By Michael J. Brooks/Special to the Reporter

Main Street Alabama President Mary Helmer said her goal is to bring “downtown back to life.”

Helmer was guest presenter for the Hoover Area Chamber of Commerce luncheon on June 20. She noted it’s a new day for downtown and historic districts throughout the state.

“As this group knows, retail is changing,” she said. “The stats say that 500 malls are closing every year. But the downtown areas ‘tug at our heart strings’ and have an appeal. We find that revitalized areas can produce 30 percent more jobs and increase the tax base 40 percent.”

Helmer, who came to her present position in 2013, said Americans now find “lifestyle centers” more appealing than malls.

“We called this ‘urban renewal’ 40 years ago but revitalization is a newer concept,” she said.

Among the newest cooperating communities are Enterprise, Headland, Calera and the Fourth Avenue section of Birmingham.

Helmer explained several steps in the Main Street program.

“The first step is organization and fundraising,” she said. “We have to get on the same page and sing the same song. This involves building relationships and learning to work together. Montevallo has been in our program for four years and they’d done a great job of working together to make downtown more inviting.”

Helmer explained that Main Street is supported by the business community. Parent organizations pay $7,500 for the first year, $5,000 for the second year, $3,000 for the third year and an annual fee of $1,500 thereafter.

“These fees help us evaluate, design and plan,” she said.

Helmer said Main Street communities engage in “public improvement” and “streetscaping.”

“The small community of Marion is economically challenged, but they’ve been creative,” she said. “Local artists designed exterior window coverings for a vacant building with broken windows. The coverings are portraits of local civil rights heroes. Now the building has been sold. Other organizations have created murals and trails. New designs create a feeling of community and uniqueness.”

Another step is promotion, she said.

“Many communities find ways to bring people together for special days,” she said. “This could be one Saturday each month or the first Thursday or whatever. Special events bring people together to see what’s been done, to enjoy one another and to purchase.”

Helmer said a university community in another state found students weren’t supporting the downtown area, so businesses instituted a “Welcome Back Block Party” to acquaint new residents with the nearby attractions.

“This is the kind of creative energy we’re after,” she said.

Another step is celebrating economic vitality.

“We promote local businesses and then we work to recruit new businesses,” she said. “Our website lists our community projects and the results they’ve seen every month.”

Helmer said Main Street Alabama has 27 designated communities, including three in Shelby County, and 33 “downtown network cities.”

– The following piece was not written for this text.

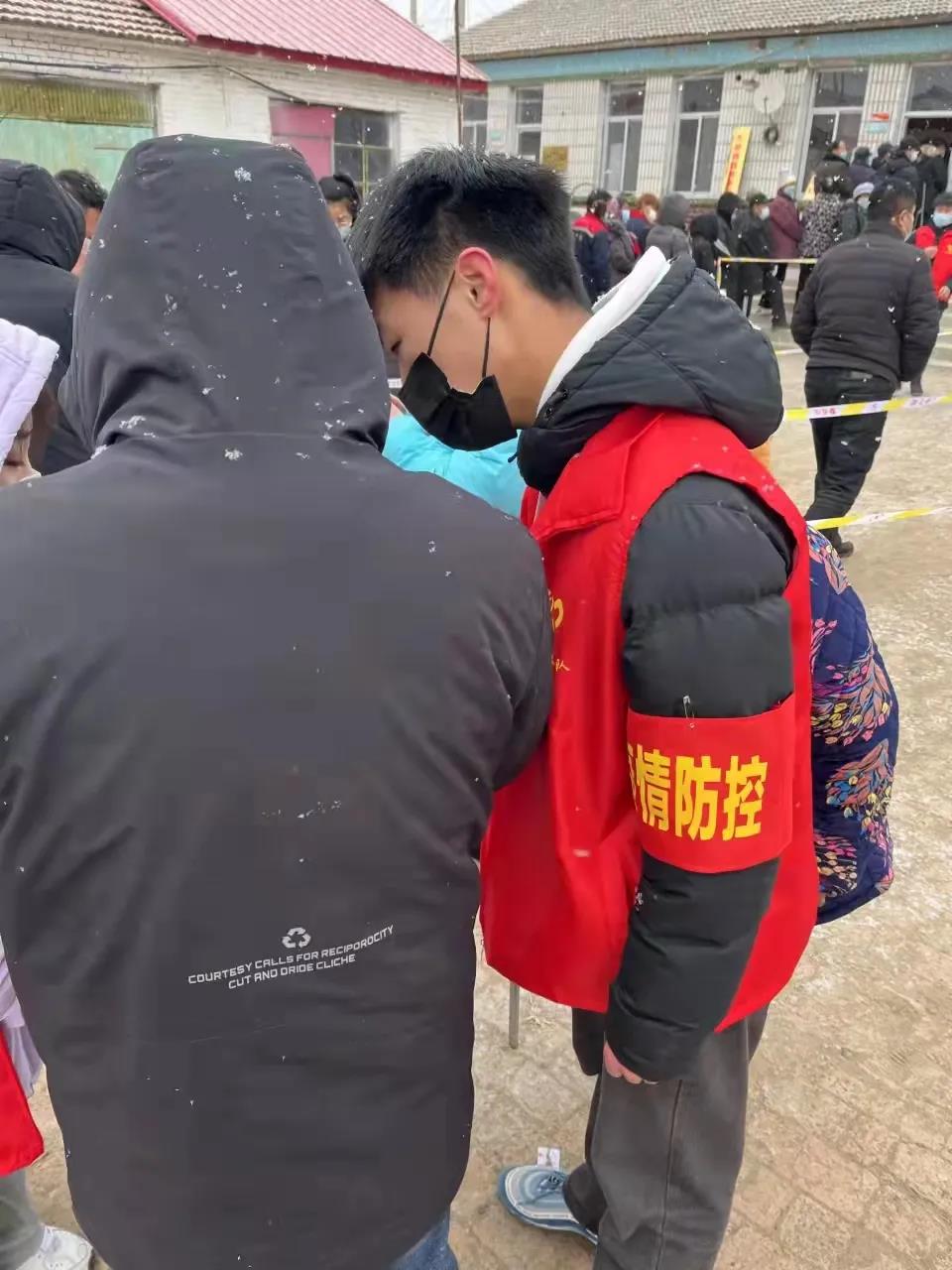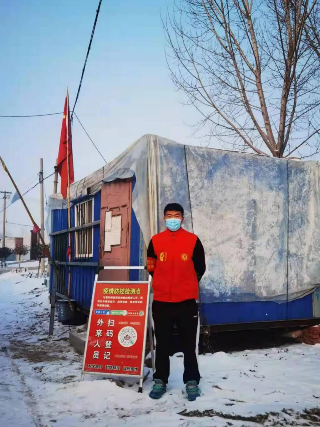 物网2001班林天齐,河北廊坊人,在寒假期间积极响应当地号召,参与了疫情防控志愿活动。在此期间我的主要工作是协助工作人员在村口组织好居民扫描健康码、行程卡确认其是否去往过中高风险地区,并针对此次疫情进行全民核酸。疫情防控是对我们国家治理体系和治理能力的一次实战检验。在上级领导和组织的带领下,我们积极执行好防控措施。为疫情防控奉献自己的一份力量。

“This latter group has their ‘toe in the water’ and have taken the first step of cooperation and revitalization,” she said.

Hoover Chamber Executive Director April Stone said there’s local interest in Main Street.

“Our business area is really Highway 31 rather than downtown, but Main Street has worked with areas like ours before,” she said. “We want to stay on the cusp and fuel the economic engine in our community, too.”

The Main Street Alabama website is mainstreetalabama.org.